§ DATASET RECORDS
···

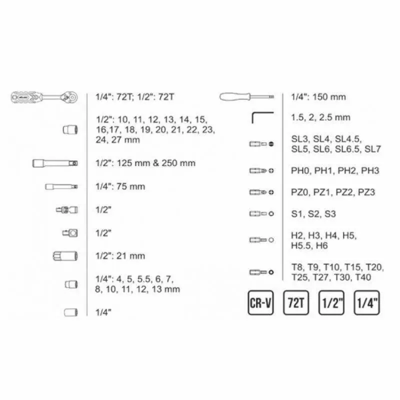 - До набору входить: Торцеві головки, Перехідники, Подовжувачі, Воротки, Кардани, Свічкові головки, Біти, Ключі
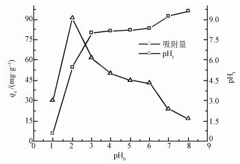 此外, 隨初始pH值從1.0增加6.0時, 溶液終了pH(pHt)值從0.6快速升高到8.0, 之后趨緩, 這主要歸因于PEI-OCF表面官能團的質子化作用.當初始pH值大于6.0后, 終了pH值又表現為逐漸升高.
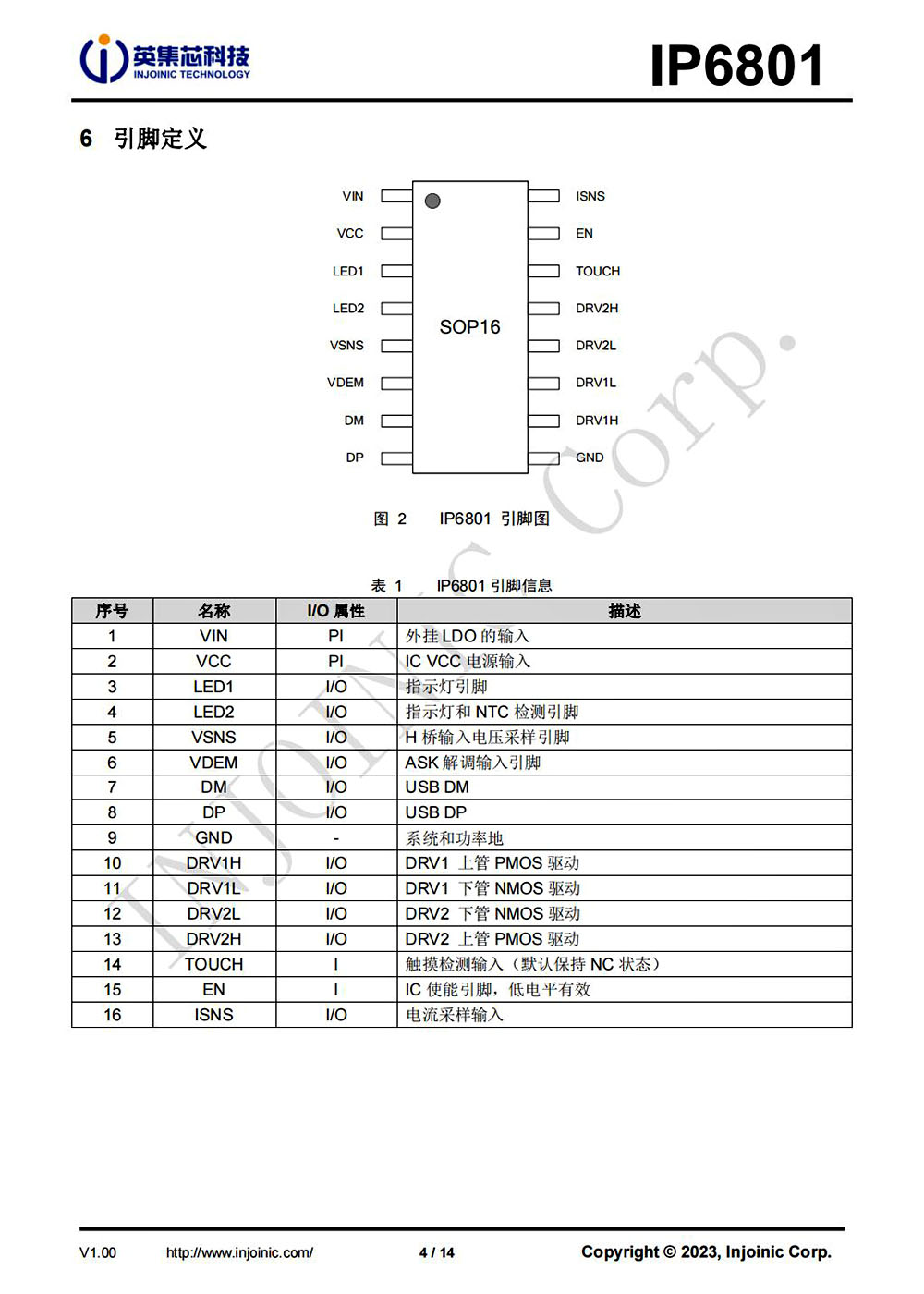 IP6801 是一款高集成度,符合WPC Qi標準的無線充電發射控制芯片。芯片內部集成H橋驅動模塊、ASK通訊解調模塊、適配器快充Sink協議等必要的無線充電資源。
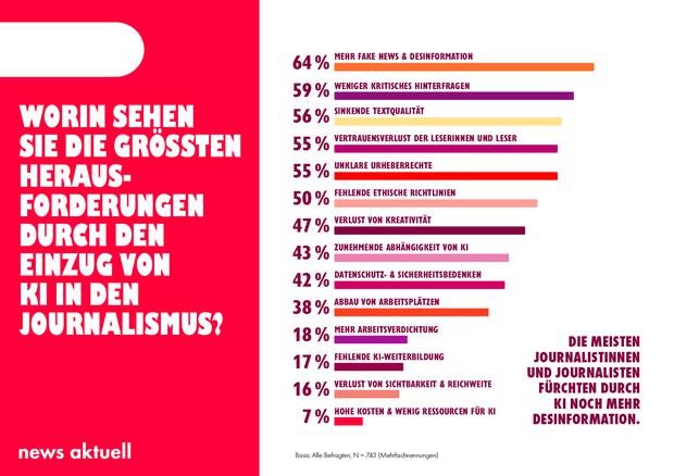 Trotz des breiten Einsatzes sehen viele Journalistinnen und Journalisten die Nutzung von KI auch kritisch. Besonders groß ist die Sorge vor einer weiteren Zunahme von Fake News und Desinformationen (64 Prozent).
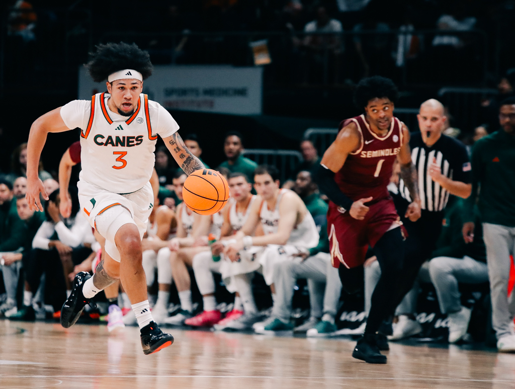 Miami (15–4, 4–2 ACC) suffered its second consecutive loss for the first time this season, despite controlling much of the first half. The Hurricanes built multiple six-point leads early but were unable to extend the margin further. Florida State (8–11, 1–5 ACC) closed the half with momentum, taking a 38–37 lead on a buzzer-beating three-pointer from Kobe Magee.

···

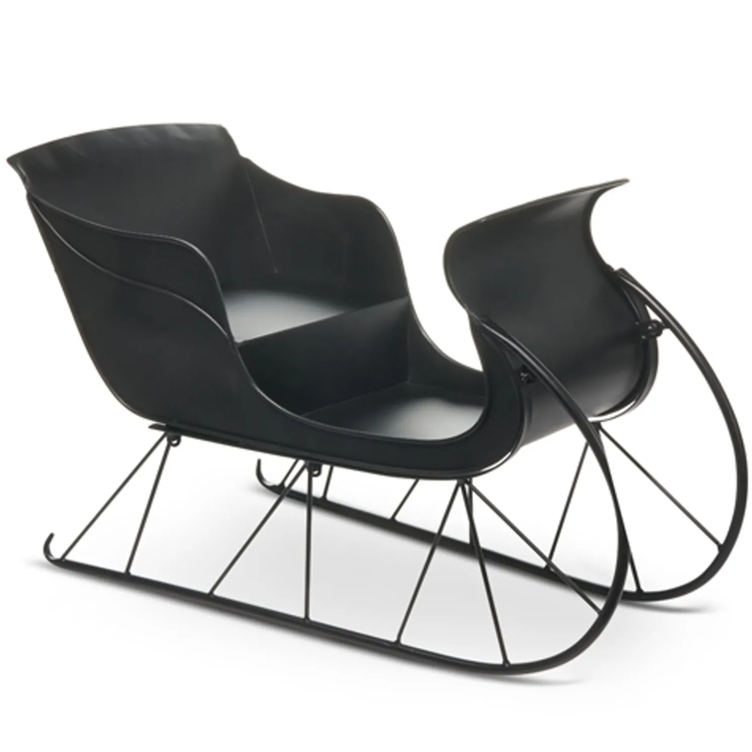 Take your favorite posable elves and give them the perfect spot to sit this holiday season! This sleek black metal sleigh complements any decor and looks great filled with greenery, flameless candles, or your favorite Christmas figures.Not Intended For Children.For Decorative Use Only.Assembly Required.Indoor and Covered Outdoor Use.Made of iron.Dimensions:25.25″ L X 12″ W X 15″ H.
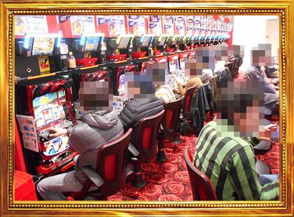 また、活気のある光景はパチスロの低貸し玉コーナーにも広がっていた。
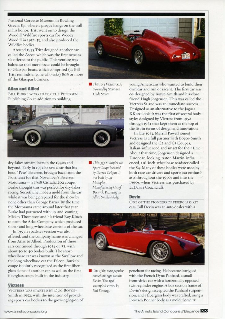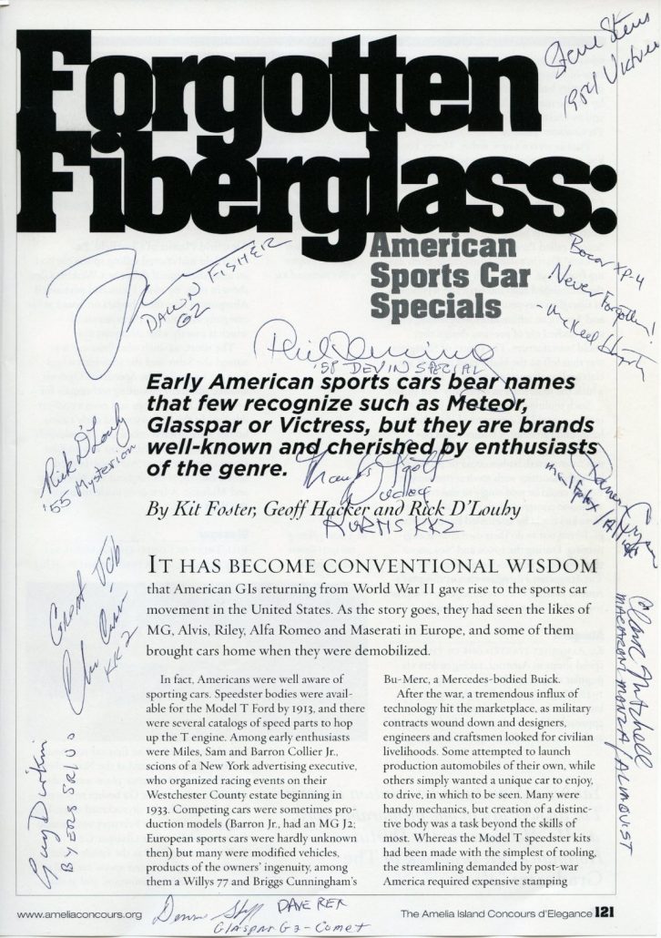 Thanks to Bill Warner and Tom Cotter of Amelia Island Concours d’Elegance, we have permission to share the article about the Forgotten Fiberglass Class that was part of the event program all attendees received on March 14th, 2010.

···

For the data above, set down exactly the lines from the line with "- До набору" to the line with "Miami (15–4, 4–2", both included, leaving pictures out.

 - До набору входить: Торцеві головки, Перехідники, Подовжувачі, Воротки, Кардани, Свічкові головки, Біти, Ключі
 此外, 隨初始pH值從1.0增加6.0時, 溶液終了pH(pHt)值從0.6快速升高到8.0, 之后趨緩, 這主要歸因于PEI-OCF表面官能團的質子化作用.當初始pH值大于6.0后, 終了pH值又表現為逐漸升高.
 IP6801 是一款高集成度,符合WPC Qi標準的無線充電發射控制芯片。芯片內部集成H橋驅動模塊、ASK通訊解調模塊、適配器快充Sink協議等必要的無線充電資源。
 Trotz des breiten Einsatzes sehen viele Journalistinnen und Journalisten die Nutzung von KI auch kritisch. Besonders groß ist die Sorge vor einer weiteren Zunahme von Fake News und Desinformationen (64 Prozent).
 Miami (15–4, 4–2 ACC) suffered its second consecutive loss for the first time this season, despite controlling much of the first half. The Hurricanes built multiple six-point leads early but were unable to extend the margin further. Florida State (8–11, 1–5 ACC) closed the half with momentum, taking a 38–37 lead on a buzzer-beating three-pointer from Kobe Magee.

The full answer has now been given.